Typhoid, measles, mumps, malaria, and venereal diseases ravaged indigent tenant farmers and mill employees, who were already weak from poverty-related ailments including tuberculosis and pellagra. “Those who die are ripped open, filled with sand, and flung into the Mississippi River,” according to the Chicago Defender (4 June 1927). Such horrors served as strong evidence that the country was still afflicted by the poisonous legacy of chattel slavery 60 years after the Civil War.”
According to newspaper sources cited by Myles McMurchy of Dartmouth College in 2016, the Great Mississippi Flood of 1927 destroyed almost 100,000 homes and displaced nearly 637,000 people in Arkansas, Mississippi, and Louisiana.
While the flood was an act of God that claimed African-American lives and prompted one of the largest fundraising campaigns in American history, the kicker is what the Calvin Coolidge administration and the Red Cross did to people of that stock.

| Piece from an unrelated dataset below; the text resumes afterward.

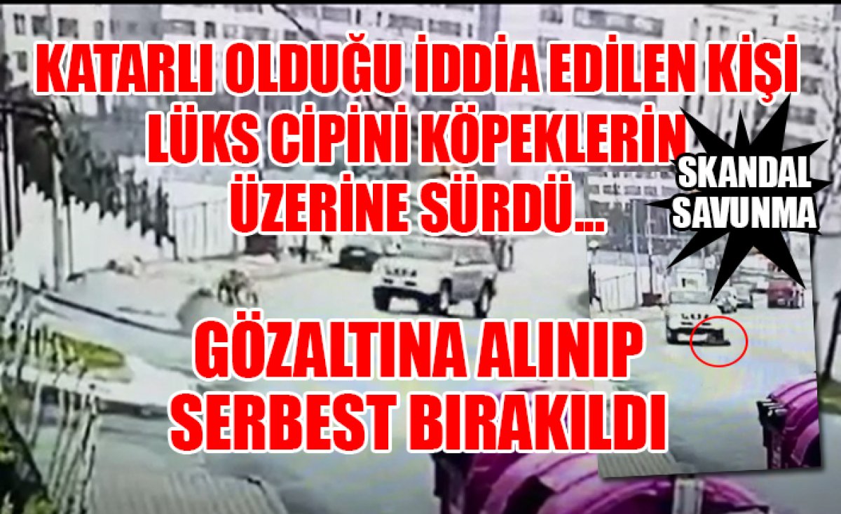 Başakşehirde yolun sol şeridinde giden cip sürücüsü, yolun sağ tarafında oynayan köpeklerin üzerine aracını sürdü. Bir köpek aracın altında kaldı feci şekilde can verdi. Katarlı olduğu iddia edilen sürücü gözaltına alınıp serbest bırakıldı.
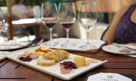 坐缆车我们来到山上史特林Sterling酒庄第一个品酒点。领了酒杯品尝了美味的葡萄酒。酒庄很大,上层是商店,2个拱形的建筑里面是古老的铜钟,每逢整点会自动鸣响。下层是第二个品酒点。品尝着美味的红酒还可以欣赏史特林Sterling酒庄全景,感觉非常棒! 来到酒庄的商店,有各式各样的美酒不同年份葡萄酒价目表。据说美国加州纳帕的葡萄酒在中国市场上买不到,一是价格高,二是美国市场供不应求,基本上买断了产自纳帕的葡萄酒。我们买了口感甜醇的史特林Sterling酒庄生产的玫瑰气泡葡萄酒,口感非常的好。 来到葡萄酒生产车间,整个车间不见一人,全是自动化流水线。许多窖藏的橡木桶葡萄酒。 这次旧金山旅游的纳帕谷行程中,最后我们来到第三个品酒点和史特林Sterling酒庄全景观赏平台,景色真是美极了。在这里品赏美酒,欣赏美景,共度周末,享受悠闲自在...... 结束了纳帕酒乡之旅,我们继续着接下来精彩的行程。

In order to gain donations for the rebuilding effort, the Red Cross, together with Secretary of Commerce Herbert Hoover, purposefully disguised the atrocities that black refugees suffered in Red Cross camps. Leading black activists tried to bring attention to the atrocities, but Hoover and the Red Cross used the media to portray the rebuilding effort as one of racial harmony and triumph.
Hoover will next employ his mobilization effort a year later to win the presidency.”
The Mississippi River Flood of 1927 was not just one of America’s worst natural disasters, but it was also one of its worst cover-ups.
Greenville, Mississippi, was the hardest hit, with 90 percent of the evacuees being black. Greenville’s relief camp saw the worst of the Red Cross’ misdeeds as well as the most egregious of Hoover’s PR stunts. Despite the fact that black flood refugees in Greenville wrote secret letters to the Defender exposing the Red Cross’ negligence, Hoover and the Red Cross told a different tale.
Hoover’s publicity effort, in the end, saved his humanitarian legacy by concealing Red Cross bigotry from the general public. Despite the Chicago Defender’s tireless efforts to bring attention to the Red Cross violations, Hoover’s reputation was not tarnished.
The Great Flood, on the other hand, was a watershed moment in racial relations, since it revealed that slavery was still a threat in Greenville in 1927, prompting black citizens to flee to northern cities like Chicago. Northern Blacks joined their southern counterparts in large protests, culminating in the Scottsboro Boys trial in 1931.